Whole-genome sequencing of KwaZulu-Natal MDR and XDR outbreak strains revealed that the MDR strain (KZN-1435) has 150 short indels (<100 bp) and 46 large indels (>100 bp) relative to the wild-type strain, and the XDR sequence has 162 short indels and 37 large indels. The MDR and XDR strains contain typical mutations in gyrA, rpoB, rrs, katG, and the promoter of inhA that explain resistance to fluroquinalones, rifampicin, kanamycin, and isoniazid . Further, 22 novel mutations were identified which were unique to the XDR genome or shared only by the MDR and XDR genomes and not already known to be associated with drug resistance .
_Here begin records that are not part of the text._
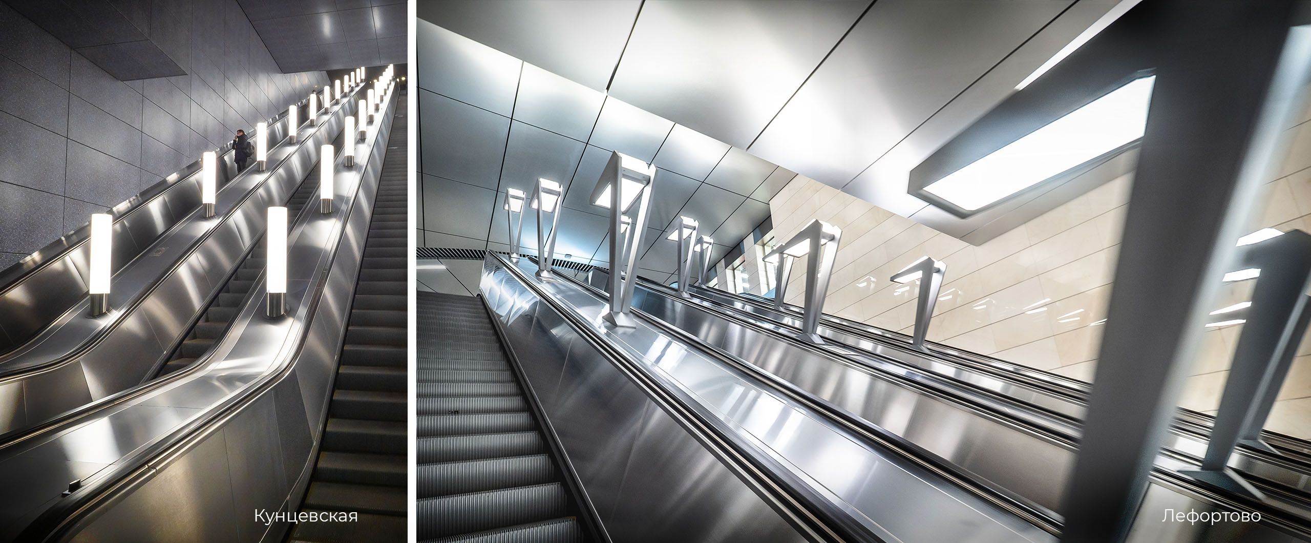 Торшеры эскалатора не нарушают стилистические концепции станций метрополитена:
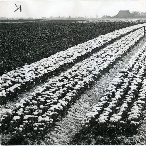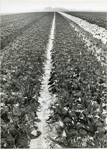 Foto in zwart-wit van een veld met tulpen door J.D. ...
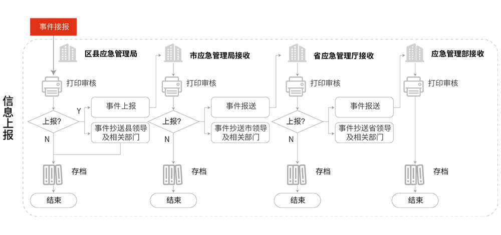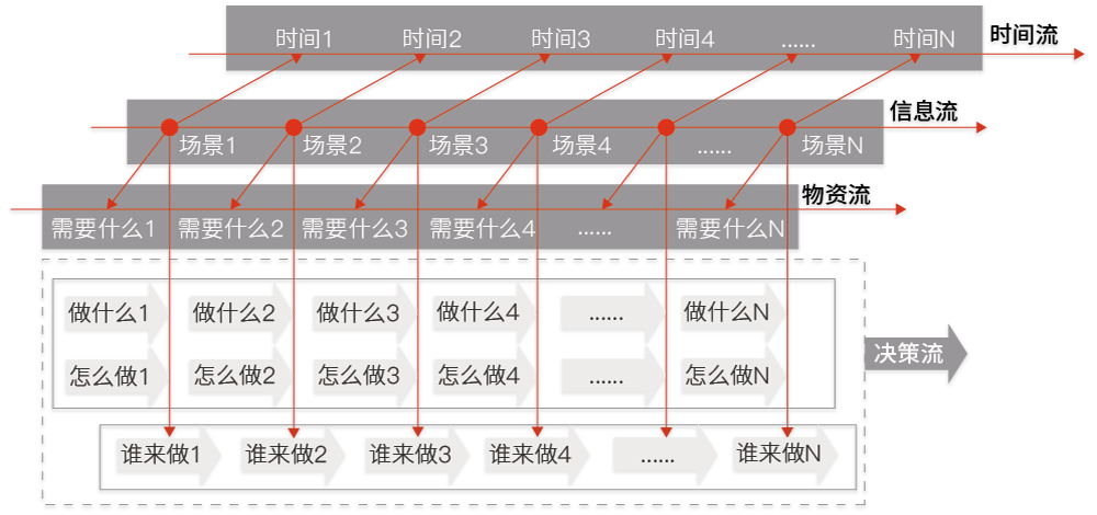 應(yīng)急預(yù)案數(shù)字化流程——突發(fā)事件發(fā)生后各職能部門采取相應(yīng)的響應(yīng)行動(dòng),按照應(yīng)急預(yù)案中涉及到的應(yīng)急響應(yīng)流程對(duì)應(yīng)急預(yù)案進(jìn)行數(shù)字化處理,包含事件流、信息流、物資流和決策流。
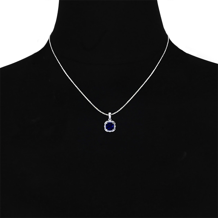 2 Carat Cushion Cut Sapphire and Diamond Necklace In Sterling Silver With 18 Inch Chain
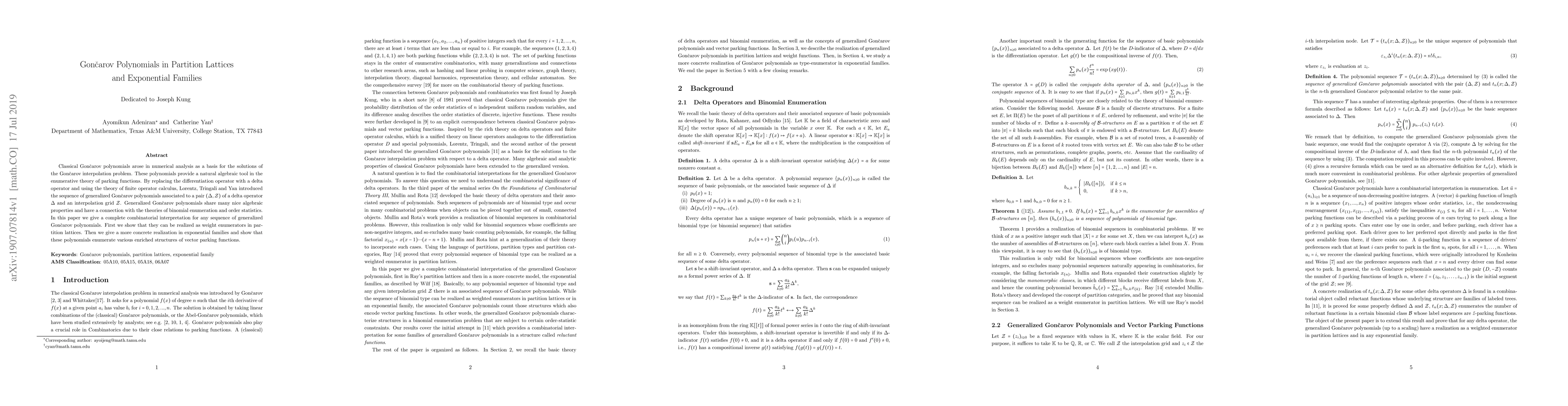 Classical Gon\v{c}arov polynomials arose in numerical analysis as a basis for the solutions of the Gon\v{c}arov interpolation problem. These polynomials provide a natural algebraic tool in the enumerative theory of parking functions. By replacing the differentiation operator with a delta operator and using the theory of finite operator calculus, Lorentz, Tringali and Yan introduced the sequence of generalized Gon\v{c}arov polynomials associated to a pair $(\Delta, Z)$ of a delta operator $\Delta$ and an interpolation grid $Z$. Generalized Gon\v{c}arov polynomials share many nice algebraic properties and have a connection with the theories of binomial enumeration and order statistics. In this paper we give a complete combinatorial interpretation for any sequence of generalized Gon\v{c}arov polynomials. First, we show that they can be realized as weight enumerators in partition lattices. Then, we give a more concrete realization in exponential families and show that these polynomials enumerate various enriched structures of vector parking functions.

The computational genomics-proteomics analysis of 21 mycobacterial genomes, reported that 1250 Mycobacterium gene families are conserved across all species . Further, a recent study by Viale et al. describes the contribution of genomics and functional genomics to studies of the evolution, virulence, epidemiology and diagnosis of Mycobacterium bovis and Mycobacterium avium subspecies paratuberculosis . Genomic and transcriptomic analysis of the streptomycin-dependent MTB strain 18b provide insight into both the evolution of tubercle bacilli and the functioning of the ribosome . Further another comparative genomics and proteomic analysis of four Non-tuberculous Mycobacterium spp. and MTB complex reported the occurrence ESX-1, ESX-3, and ESX-4 regions (suppose to code for immunogenic proteins) in the genomes of most mycobacteria .
Comparative genomics revealed the genomic diversity among different MTB strains, specifically, the identification of particular genes that differ between virulent, avirulent or attenuated and drug resistance MTB strains. Though, most of the comparative genomics studies have been carried out on MTB H37Rv, MTB H37Ra, MTB Erdman, MTB CDC1551 and Mycobacterium bovis BCG, comparative genomics and proteomics studies are yet to be done for many strains of MTB sequenced recently. Therefore, the development of an in silico technology to study the gene and protein variations of different MTB strains will enhance understanding of virulence and drug resistance properties among them which may give insights the molecular mechanisms of pathogenicity, drug resistance and also give a new direction for the development of new drugs against TB.